Whenever I hear this song, I think of all my peers, all the fellow generation Y’s and the mentality of instant gratification whether it be a shiny new luxury car and high car payments, a fancy designer handbag, going partying every week, going for expensive dinners and nights out, buying $600 leather jackets etc.  Just like Money Rabbit says (we were thinking the same thing this week despite being on opposite coasts, I guess!), I wonder “how the heck do my friends afford all this?”

I think as 20-somethings, we struggle with so much lifestyle inflation as it is (saving for a wedding, a down payment, possibly chidren..).  We are excited because we are finally making some good money, but at the same time, there are so many choices available to us to spend that money.  Recently, I have a friend who I talked “money” with (though she seemed a bit uncomfortable with it, I think) and she is the epitome of living the rock and roll lifestyle.  I was curious as to how much she was saving per month.

She has a 2 carat engagement ring on her finger, she goes out for $100 per person dinners on weekly basis, has Christian Louboutin shoes (yes, the $1000 shoes with the red sole), multiple designer handbags (I am guessing at least 15), goes traveling a lot, drives a Porsche, and seems to have a different outfit every time she goes clubbing or goes out (judging from her facebook pictures, she doesn’t live near me anymore).  I’m not jealous of her lifestyle, I would not want to go clubbing every week, nor would I want the designer shoes or handbags… I just don’t really understand how she can afford it.  She says she saves 0% of her income if she goes shopping that month, but if she gets a bonus from work that year (she works in the finance industry), she saves the bonus 100%.

I guess it all boils down to being balanced with your money and to make sacrifices.  That’s why personal finance is so… personal.  We are so privileged to be free, not oppressed, and we have so many choices on how we can use our money.  As a generation Y, I think it can be hard to think and plan for the future sometimes- but we must start saving some of that money instead of spending it and instantly gratifying ourselves with concert tickets, shopping for clothes, buying new shoes.  These are all material things that don’t give us happiness (perhaps 2 minutes of happiness admiring your new purchase, but its all downhill from there).  So next time we are tempted to buy the latest gadget (ahem, iPad 2?), we need to stop, put the gadget down, and think about whether we really need it…instead of lining up at Apple to buy it on your credit card.

Phew.  End Rant. 🙂

Here are the (brilliant) lyrics:
Well, your CD collection looks shiny and costly.
How much did you pay for your bad Moto Guzi?
And how much did you spend on your black leather jacket?
Is it you or your parents in this income tax bracket?

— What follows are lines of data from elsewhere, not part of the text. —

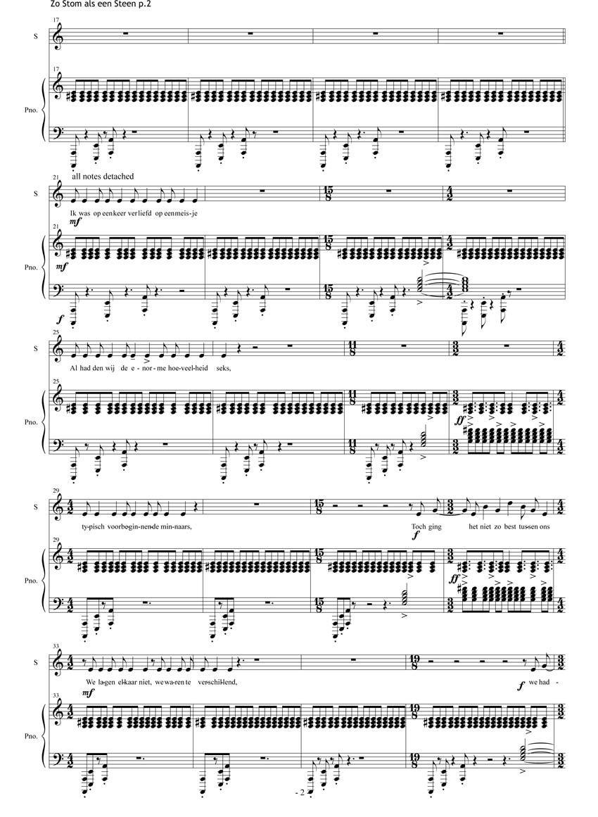 Zo stom als een steen (Mute as a Rock) was written at the request of Samuel Vriezen for a concert devoted to ‘Love Songs’. The piece is about as close as I’ve ever gotten to writing a pop song, be it that the sophisticated innuendos of the text and the difficulty of the piano part, with an obsessive ostinato (intended for the phenomenal Moritz Eggert), would probably surpass anything that any ordinary pop musician would be up to. As usual, when using a Dutch text - and especially in the case of Love Songs - I selected something by the particularly malicious Flemish writer Herman Brusselmans. The song thus tells the story of a physically perfect, but otherwise troubled relationship, in which one of the partners psychosomatically loses their voice - due to the lack of ‘a good conversation’.
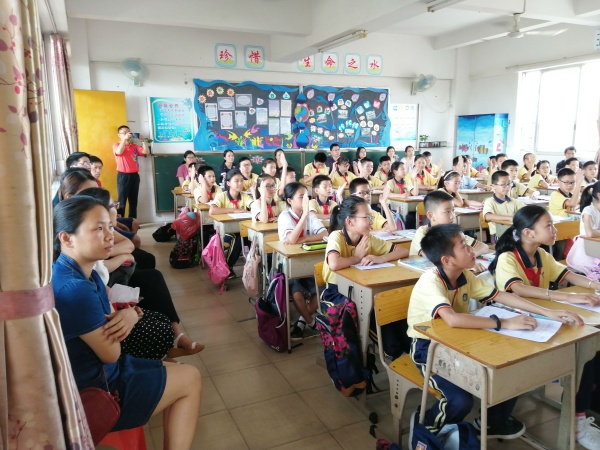 參觀完風(fēng)雨長廊的書畫作品后,大部分的家長來賓們挪步到孩子們的教室里。他們走進了教室,與孩子們一起上課。自2014年起,學(xué)校開展了改善課堂生態(tài)流程的教學(xué)改革研究,以學(xué)生為中心、以學(xué)為中心的生態(tài)課堂很好地促進孩子發(fā)展,而開放日所展示的課堂便也以“學(xué)為中心”為基點而展開,每個教室都在向家長、來賓展示生態(tài)課堂的魅力,如五(1)班梁燕霞老師執(zhí)教的《探索神奇的本草世界》把孩子們帶進了本草的世界,一(3)班謝麗萍教師執(zhí)教的英語課堂《Unit10》點燃了孩子們的學(xué)習(xí)興趣,廖成濤老師巧借呼啦圈讓六(1)班的大小孩感受了籃球運球的趣味......這一天孩子們課堂表現(xiàn)一如既往地棒,家長來賓們對盛豐小學(xué)教師們的教學(xué)水平表示十分滿意,紛紛為教導(dǎo)有方的教師們點贊叫好。
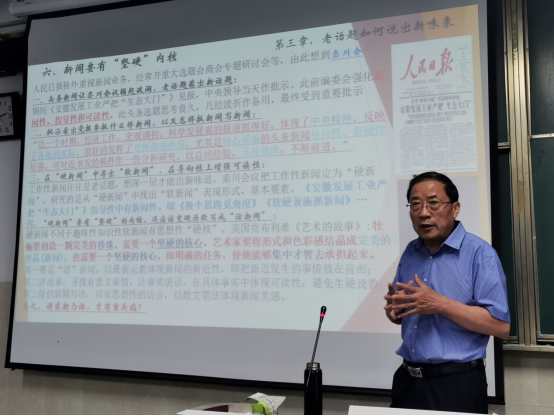 老生常谈的老话题如何写出新意,让人爱看? 6月16日晚7:30,人民日报社安徽分社原社长、人民日报高级记者刘杰为2018级、2019级的新闻学专业的“小新”们进行了一场别开生面的“头版头条的写作艺术——老话题如何写出新味来”学习交流活动。
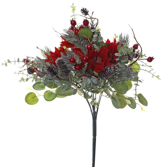 Новогодняя ветка, GLOBAL CHRISTMAS, Елка/ягоды/шишки в инее, 40 см, Зеленый/Красный
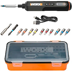 The WORX compact screwdriver kit features a rechargeable 4V battery with three speeds, 12 accessory bits, dual LED lights, and a 3-gear torque setting.
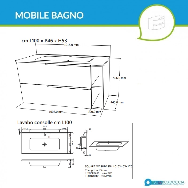 • - Dimensioni: Larghezza 101,5 X Profondità 46,5 cm
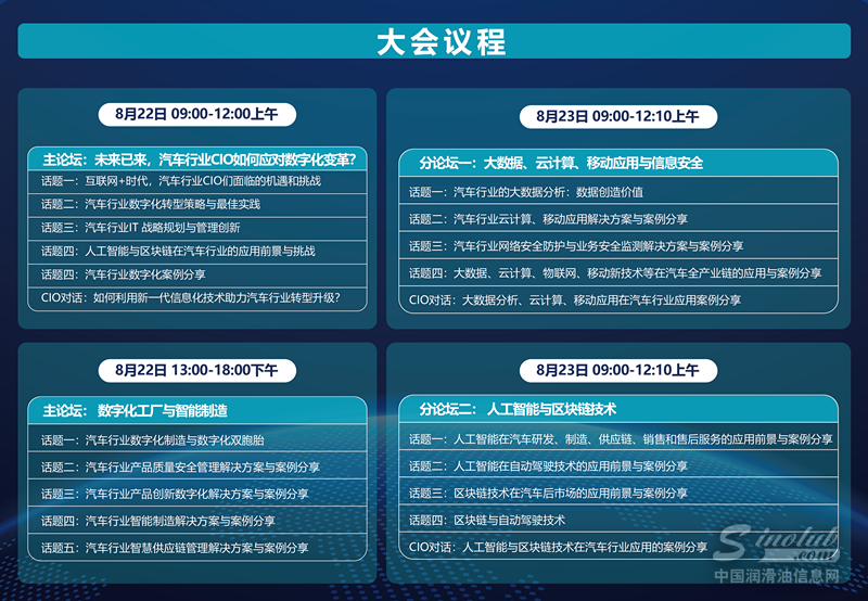 作为中国汽车行业首选信息化沟通交流盛会,“中国汽车CIO峰会”关注新一代汽车产业以及智能技术发展,在绿色出行的背景下,将涵盖商用车、乘用车、新能源汽车等整车企业、核心零部件企业,全方位展示汽车产业信息化现状。
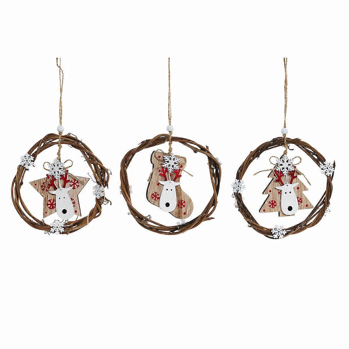 Christmas bauble DKD Home Decor Wood (3 pcs) (14 x 1 x 18 cm)

Now tickets to concerts and drinking at clubs,
Sometimes for music that you haven’t even heard of.
And how much did you pay for your rock’n’roll t-shirt
That proves you were there,
That you heard of them first?

How do you afford your rock’n’roll lifestyle?
How do you afford your rock’n’roll lifestyle?
How do you afford your rock’n’roll lifestyle?
Ah, tell me.

How much did you pay for the chunk of his guitar,
The one he ruthlessly smashed at the end of the show?
And how much will he pay for a brand new guitar,
One which he’ll ruthlessly smash at the end of another show?
And how long will the workers keep building him new ones?
As long as their soda cans are red, white, and blue ones.
And how long will the workers keep building him new ones?
As long as their soda cans are red, white, and blue ones.

Aging black leather and hospital bills,
Tattoo removal and dozens of pills.
Your liver pays dearly now for youthful magic moments,
But rock on completely with some brand new components.

How do you afford your rock’n’roll lifestyle?
How do you afford your rock’n’roll lifestyle?
How do you afford your rock’n’roll lifestyle?

Excess ain’t rebellion.
You’re drinking what they’re selling.
Your self-destruction doesn’t hurt them.
Your chaos won’t convert them.
They’re so happy to rebuild it.
You’ll never really kill it.
Yeah, excess ain’t rebellion.
You’re drinking what they’re selling.
Excess ain’t rebellion.
You’re drinking,
You’re drinking,
You’re drinking what they’re selling.